Kategorie: Hacking & Security

Enterprise buyer’s guide: How to choose videoconferencing software

Computerworld.com [Hacking News] - 12 Prosinec, 2024 - 12:00

When most businesspeople think of videoconferencing software, the first thing that comes to mind is probably Microsoft Teams or Zoom, but there are many other choices, each with its own strengths. Sometimes the choice of what tool to use comes down to what’s standard corporate issue — more often than not, that’s Teams — but it’s not uncommon for businesses to use a mix of tools.

“Some organizations don’t want to be reliant on Microsoft for everything, or sometimes an executive likes another tool better,” says Will McKeon-White, senior analyst for unified communications and conversational AI at Forrester Research.

In this buyer’s guide
  • Videoconferencing software: What it is, why enterprises need it
  • Current trends in videoconferencing software
  • What to look for in videoconferencing software
  • Before you shop: Key questions to ask yourself and your stakeholders
  • Key questions to ask videoconferencing vendors
  • 14 videoconferencing tools to consider
Videoconferencing software: What it is, why enterprises need it

Videoconferencing services enable users to conduct online video meetings with one or more people who may join the call from their computers, phones, tablets, and room conferencing systems. They integrate with calendaring software for scheduling purposes, and usually include an audio call-in option, screen-sharing capabilities, and nonverbal communication features such as text chat, whiteboarding, and the ability to add reaction emojis.

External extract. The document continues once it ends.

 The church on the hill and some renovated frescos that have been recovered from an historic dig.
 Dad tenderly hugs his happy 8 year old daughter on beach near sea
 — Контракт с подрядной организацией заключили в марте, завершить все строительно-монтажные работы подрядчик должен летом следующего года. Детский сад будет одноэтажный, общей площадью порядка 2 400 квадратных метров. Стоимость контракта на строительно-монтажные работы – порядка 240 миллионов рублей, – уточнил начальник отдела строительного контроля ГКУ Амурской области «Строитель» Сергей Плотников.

Business-grade tools also allow for administrative controls that restrict who can join and what can be shared, and offer enhanced security features such as multifactor authentication (MFA), bring your own key (BYOK) end-to-end encryption, and single sign-on (SSO). Many videoconferencing systems integrate with conference room video hardware from the same vendor and/or third-party vendors.

Videoconferencing software has long been a useful tool for remote employees who needed to engage with their teams, and it was a nice-to-have for communicating with customers and partners when face-to-face meetings were impractical. Then, in 2020, everything changed. Videoconferencing rose to critical infrastructure status when, during the COVID-19 pandemic, nearly all office employees suddenly found themselves working from home. Licensing of videoconferencing software and services soared — Zoom nearly doubled its revenue in 2021 — and innovation increased as vendors competed for a piece of a much larger pie. The software saw rapid improvements as vendors raced to add new features, including better audio and video quality and enhanced security.

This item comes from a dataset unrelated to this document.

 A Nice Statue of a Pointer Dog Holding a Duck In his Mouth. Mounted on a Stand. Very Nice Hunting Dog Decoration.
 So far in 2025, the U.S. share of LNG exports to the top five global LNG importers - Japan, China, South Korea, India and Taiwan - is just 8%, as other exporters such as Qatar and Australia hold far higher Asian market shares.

Nearly five years later, large numbers of employees have returned to the office, but many still telecommute one or more days per week. Videoconferencing software remains an essential part of business communications.

Current trends in videoconferencing software

Nowadays, videoconferencing software may seem like a well-defined, mature product space, but change is still afoot. “The weird thing about the videoconferencing software market is that it’s being subsumed into unified communications [UC],” says McKeon-White.

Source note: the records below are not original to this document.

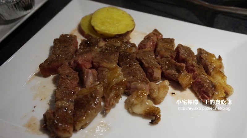 上等肋眼牛排,服務人員會幫忙烤,讓人覺得很安心,服務超好。這牛排的厚度也很感人,烤起來香噴噴,讓人想一大口吃下去。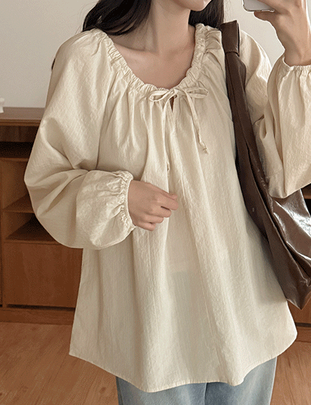 • 웨스티 寬鬆 刺繡 皺摺 襯衫 84205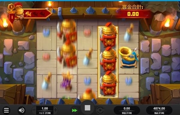 ローマ兵士のシンボルがリール上を右から左へ行進(マーチ)する機能です。行進中に配当が成立すると賞金に加算され、連続的な配当チャンスを生み出します。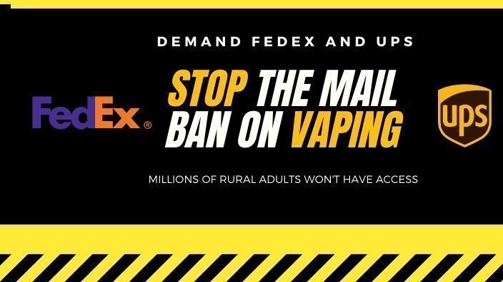 This vape mail ban is against our rights as American Citizens. It's imperative that we have our voices heard. You can watch all our rights be taken away as adults using a safer smoking cessation device, or stand up and have YOUR voice heard. Together we can make them listen. So, I implore you to stand up and be loud. Remind UPS and FedEx who their customers are and that we do not AGREE with their decision to stop the mailing of adult vaping products.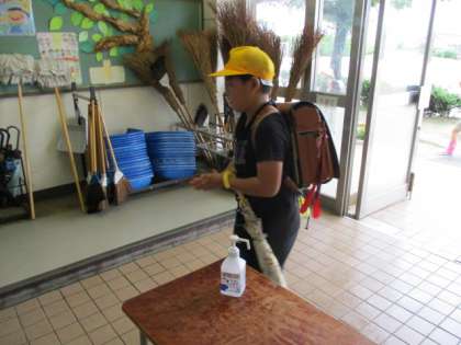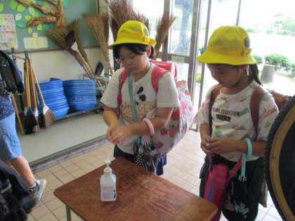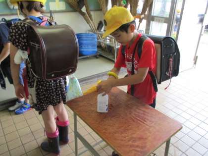 4年生の靴箱の前で。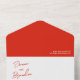 Red poppy floral wedding invitation all in one template with a digital QR code to scan and RSVP online via your website. Design with bright shades of red and watercolor flowers on an off-white background. The back of the tearable card can be edited with your return address so you can add a postal stamp and mail it without an envelope. Personalize it with up to 3 menu options and dietary restrictions. The foldable top has your address and the centre is editable with your guest's address (add it online, add a pre-made label, or handwrite it).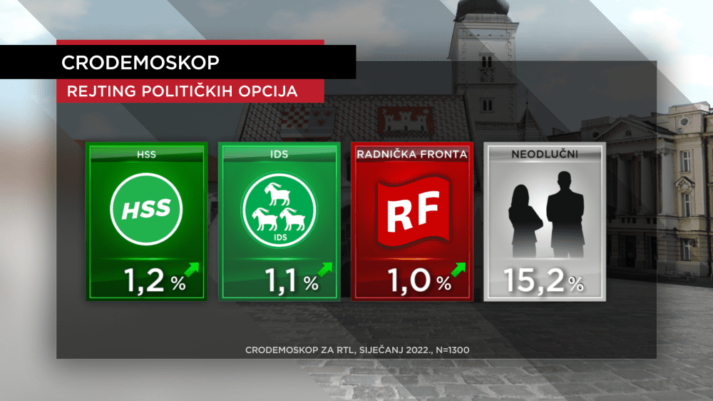Na oko jedan posto podrške još su HSS (siječanj 1,2 posto - prosinac 1,1 posto), regionalni IDS (siječanj 1,1 posto - prosinac 1,0 posto), te Radnička fronta (siječanj 1 posto - prosinac 0,4 posto), svi u blagom rastu. Neodlučnih je oko 15 posto čime su zapravo upravo oni po rejtingu treća snaga u zemlji. To i ne čudi budući da izbora nema na vidiku što je ujedno i šansa onima koji žele provesti nepopularne reforme.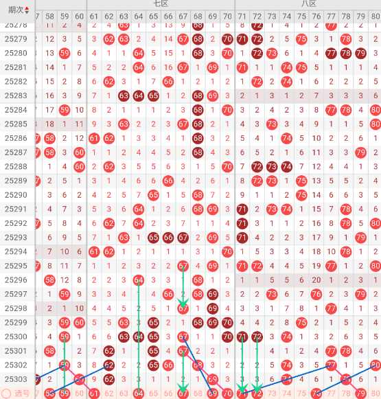 八区开出:74 78 奇偶比: 0:2 和值:152 跨度:4,上期开出2个号码,偶数号码占优势。本期无三斜连走势,隔码斜连走势:71 76。近10期平均出号2枚,推荐关注号码:71、72、76、79。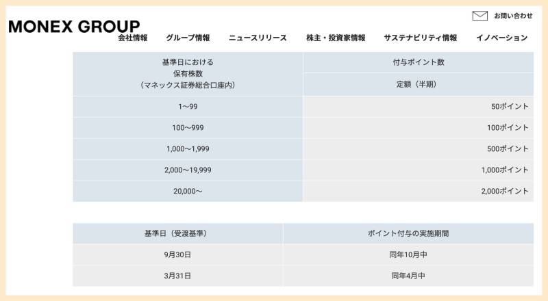 マネックスグループの株主優待制度やポイント付与に関する詳細はグループ公式HPのIR情報に記載されています。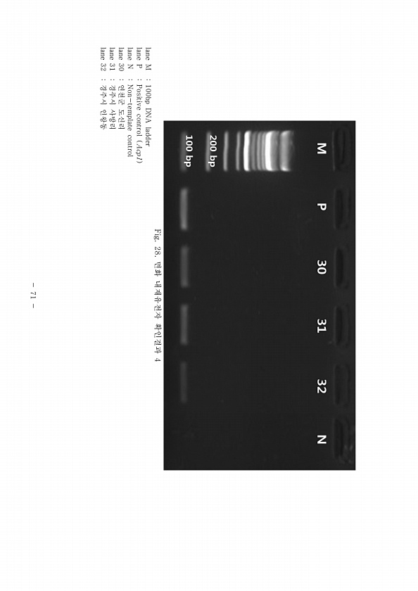 71 Fig. 28. 면화 내재유전자 확인결과 4 lane M 100bp DNA ladder lane P Positive control Acp1 lane N Non-template control lane 30 연천군 도신리 lane 31 경주시 사방리 lane 32 경주시인왕동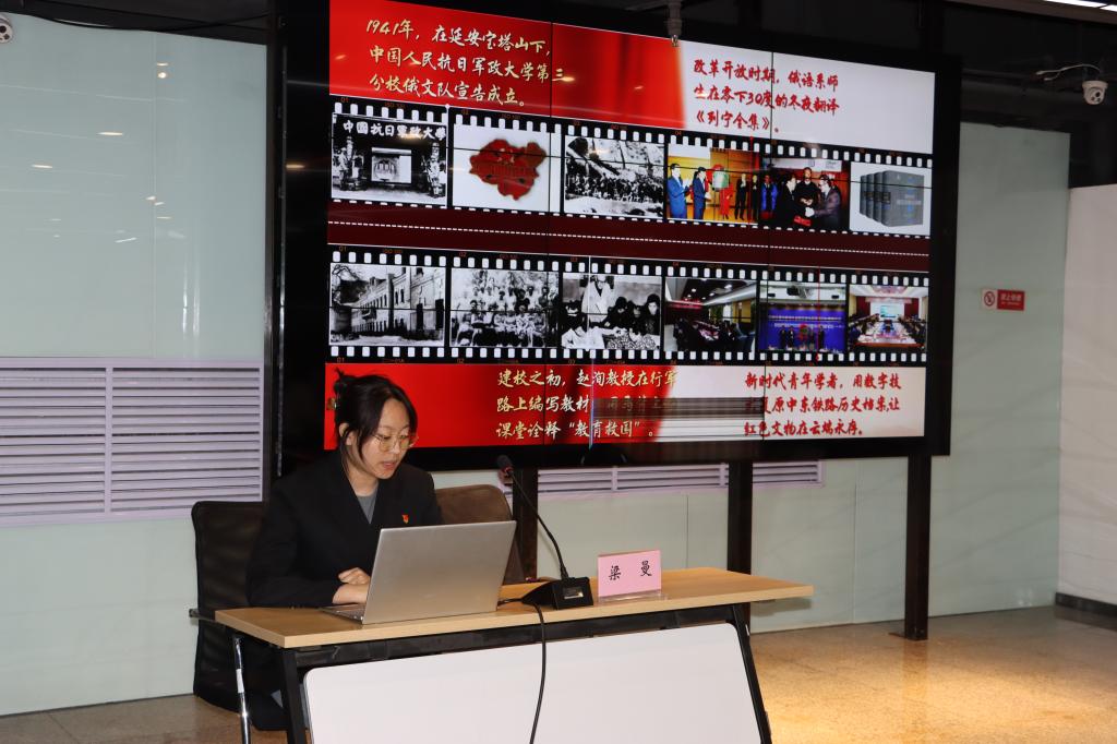 团委副书记梁曼以《黑土脉搏与时代共燃,解码红色学府的精神基因》为主题,围绕传承、担当、引领三个关键词展开讲解,指出每日大赛

IDC’s term for this software category is unified communications and collaboration (UC&C), which the research firm describes as “an advanced telephony solution integrated with messaging (i.e., email, voice, and fax), instant messaging (IM) or chat, presence, and conferencing platforms for web conferencing, audioconferencing, and/or videoconferencing.” Many UC&C suites include additional collaboration features such as file sharing and virtual whiteboards. And while chat sessions in traditional, standalone videoconferencing systems typically end when the call terminates, vendor-hosted UC as a service (UCaaS) systems often include persistent chat functions that continue even after a videoconferencing session ends.

Like Forrester, IDC says most standalone videoconferencing software is being folded into larger UC&C suites. Videoconferencing apps are also found in productivity app suites such as Microsoft 365 and Google Workspace, which is one reason why Microsoft Teams has dominated the space. It has a 44.7% share of the $69 billion UC&C software market, according to IDC, while Zoom, its nearest competitor, sits at 6.4%.

That domination was also driven by the fact that, until this year, Microsoft bundled Teams with most Microsoft 365 licenses. “That got pushback from regulators,” Forrester’s McKeon-White says, so now new enterprise customers must pay $5.25 per user per month for Teams as an add-on. “But most companies already have Teams now and can purchase it through existing licenses,” he adds.

Innovative AI-based features such as real-time transcription, text insertion, and multiparty translation have also changed the user experience, according to McKeon-White. With some products, “each user can see a translation of what’s said in their native language through captioning. That’s happening now,” he says.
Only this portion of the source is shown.